Но Растегин уже не мог далее слушать. Он ударил кулаком по стене и закричал: «Врет, врет, врет, врет!» Сразу голоса притихли, Александр Демьянович постоял еще и со стоном повалился на постель.


– У меня с Раисой условие подписано, что держу я ее до тех пор, пока сам не изменю с другой женщиной. Да-с. А ночное приключение – не что иное, как блажь. Завтра же она сама руки мне целовать будет. Чересчур полна стала, особенно в груди, вот ее идеи разные и одолевают. Сударь мой, мы, старики, вас насквозь видим: сегодня блажь, а завтра слезы. А я к Раисе моей привык и на новые приключения больше не способен. На любовь же смотрю широко и без предрассудков. И вам искренно желаю успеха, но только условие одно, по-китайски, – пообедал и все там прочее оставил у хозяина с собой ничего не унес, поняли? Погостите у меня недельку, и хорошенького понемножку. А Раису я не отпущу ни с кем.

Дыркин и Растегин сидели на лавочке в купальне, оба голые. Над гладкой водой, треща крыльями, стояла большая стрекоза, порой она уносилась вбок и вновь останавливалась, переливаясь золотой пылью вытаращенных глаз… «Ах, Раиса, Раиса», – пробормотал Дыркин. Утреннее солнце припекало, пахло досками и тиной. Растегин, совсем разомлев, глядел на стрекозу. Она для него была гораздо понятнее, чем все разговоры Дыркина, да он их и не слушал и поэтому невпопад спросил, потягиваясь;

– На какую сумму вам по векселям-то завтра надо платить?

Дыркин сильно потер себе волосатые ляжки, опустил на грудь седую голову.

– Тысяч на двадцать пять, – сказал он и, надув желтые сморщенные щеки, выпустил из них воздух.

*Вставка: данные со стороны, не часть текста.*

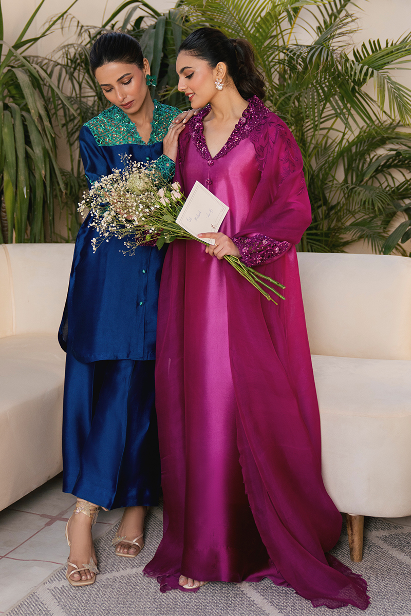 A stunning gradient tissue silk shirt featuring an intricately embroidered collar, matching sleeve details, and elegant fabric buttons. Paired with an organza dupatta adorned with cutwork, hand embellished and delicate floral patterns this outfit radiates sophistication and charm.

Тогда Растегин начал торговаться. Дыркин отвечал:

– Нет, не могу, ей-богу не могу меньше. – И вдруг из-под морщинистых век его поползли две слезы. – О чем торгуемся, – сказал он, – я лишь взаймы прошу у вас. Я бедный и хилый старик. А вы бог знает как понимаете мои слова. Я лишь люблю глядеть на чужое счастье, посмотреть в щелочку да послушать, как вздыхают два любовника. А деньги тут ни при чем, нет, ни при чем.

«Фу ты, какой скользкий старикашка, – подумал Растегин, – нет того, чтобы начистоту», – и ударил себя по голым коленкам. Надо бы лезть в воду. Александр Демьянович поднялся первый и стал на краю мостков. Вдруг позади его крякнуло, холодные руки ударили в спину, он полетел в воду, и сейчас же на голову ему свалился Дыркин, визжа, смеясь и захлебываясь. Отбиваясь от него, Растегин крикнул:

– Пустите, вы меня потопите!

Но Дыркин, приговаривая: «Нет, я еще сильный, я еще сильный», – старался засунуть его голову под воду.

– Тону! – закричал Растегин и, уже задыхаясь, стащил с себя старикашку, добрался до мостков и поспешно вылез. Дыркин же барахтался и плавал по воде, как паук.

– Это шутки, это все шутки, – повторял он, – какой вы сердитый! У нас всегда так балуются во время купанья. Вот намедни на меня Окоемов наскочил, – потом откачивали.

Все еще сердясь на зверские эти шутки, Александр Демьянович поспешно оделся и пошел через парк.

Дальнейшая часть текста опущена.